# Input data
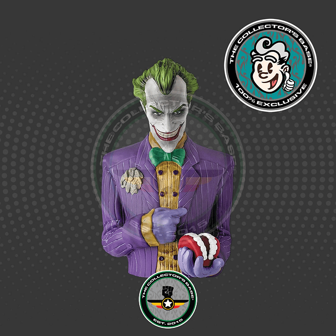- Un personaje icónico: La figura muestra a The Joker, el príncipe payaso del crimen, sosteniendo una dentadura de broma con sonrisa malévola.
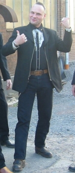 Holtadipolta, hier kommt John Travolta! Nee, daß ist unsere Frontsau Harpo. Alias Paul Prengel aus Pattensen, alias The Duke of South Yonishire, alias Trompeten-Peter. Auch wenn es das Schicksal nicht gut mit Ihm meinte, er hat niemals barfüßig den Unsong 'Movie Star' gesungen. Jedem stößt er ein stumpfes Klappmesser in den Rücken, der das behauptet.
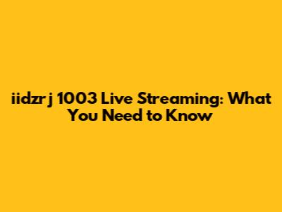 Iidzrj 1003 Live Streaming: What You Need To Know
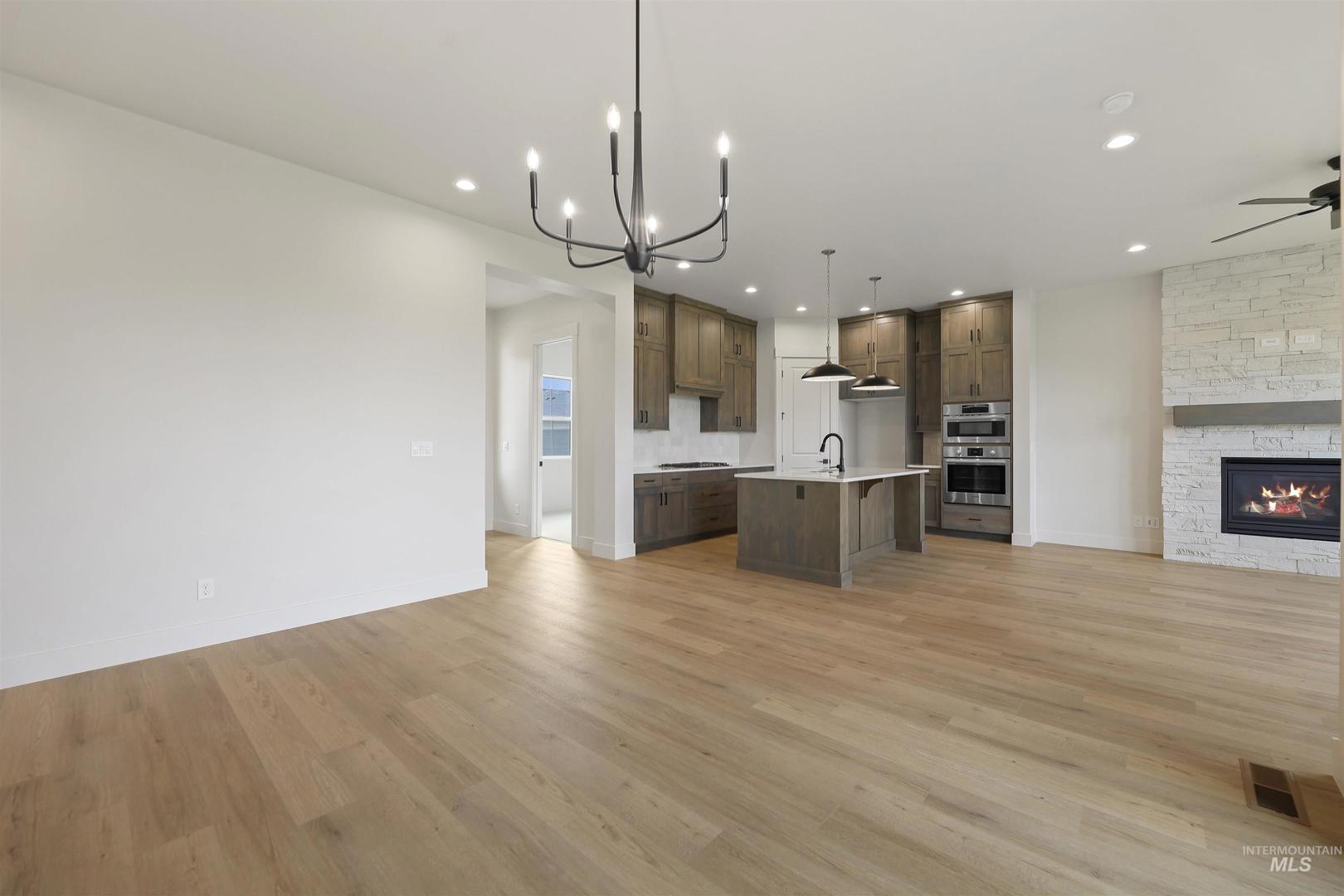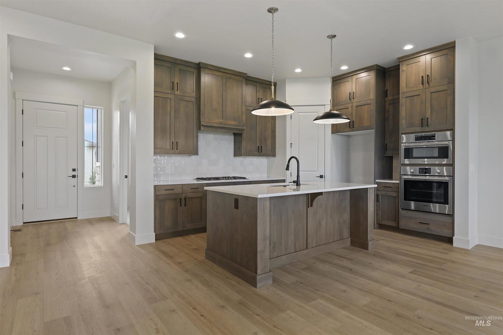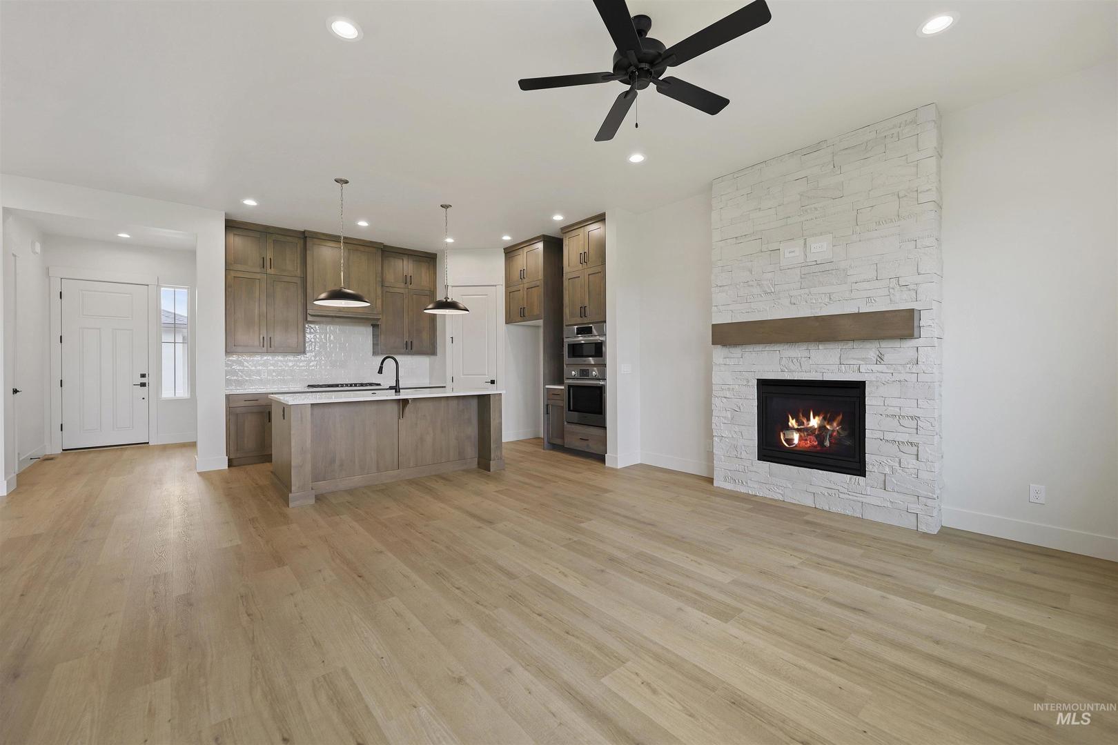 Welcome to The Alder at Valor, where modern design meets the ultimate golfer’s paradise. This elegant single-level home overlooks the pristine fairways of the Falcon Crest Golf Course, offering stunning views. With 3 spacious bedrooms, a dedicated office, and 2 designer bathrooms, every detail has been crafted for comfort and sophistication. Enjoy an open-concept layout highlighted by hardwood flooring, soaring ceilings, and a dramatic floor-to-ceiling stone fireplace, perfect for relaxing after a round or hosting friends for dinner. The kitchen impresses with gorgeous stained cabinetry to the ceiling, quartz countertops, and premium Bosch appliances, blending beauty and function seamlessly. The spa-inspired primary suite features a standalone soaking tub, dual vanities, and a fully tiled walk-in shower. Outside, unwind in your private, low-maintenance backyard with turf and sweeping golf course views—ideal for morning coffee or watching the sunset over the greens. Located in Valor’s prestigious gated Medallion Greens community, residents enjoy resort-style amenities including pools, fitness centers, indoor golf simulators, pickleball, tennis, a clubhouse restaurant, and an 18-hole putting course. The Alder at Valor—where every day feels like a day on the course.

# Aim of the task
Omitting all pictures, restate exactly the lines of the material from its start through the line that contains "Iidzrj 1003 Live".

# Exercise answer
- Un personaje icónico: La figura muestra a The Joker, el príncipe payaso del crimen, sosteniendo una dentadura de broma con sonrisa malévola.
 Holtadipolta, hier kommt John Travolta! Nee, daß ist unsere Frontsau Harpo. Alias Paul Prengel aus Pattensen, alias The Duke of South Yonishire, alias Trompeten-Peter. Auch wenn es das Schicksal nicht gut mit Ihm meinte, er hat niemals barfüßig den Unsong 'Movie Star' gesungen. Jedem stößt er ein stumpfes Klappmesser in den Rücken, der das behauptet.
 Iidzrj 1003 Live Streaming: What You Need To Know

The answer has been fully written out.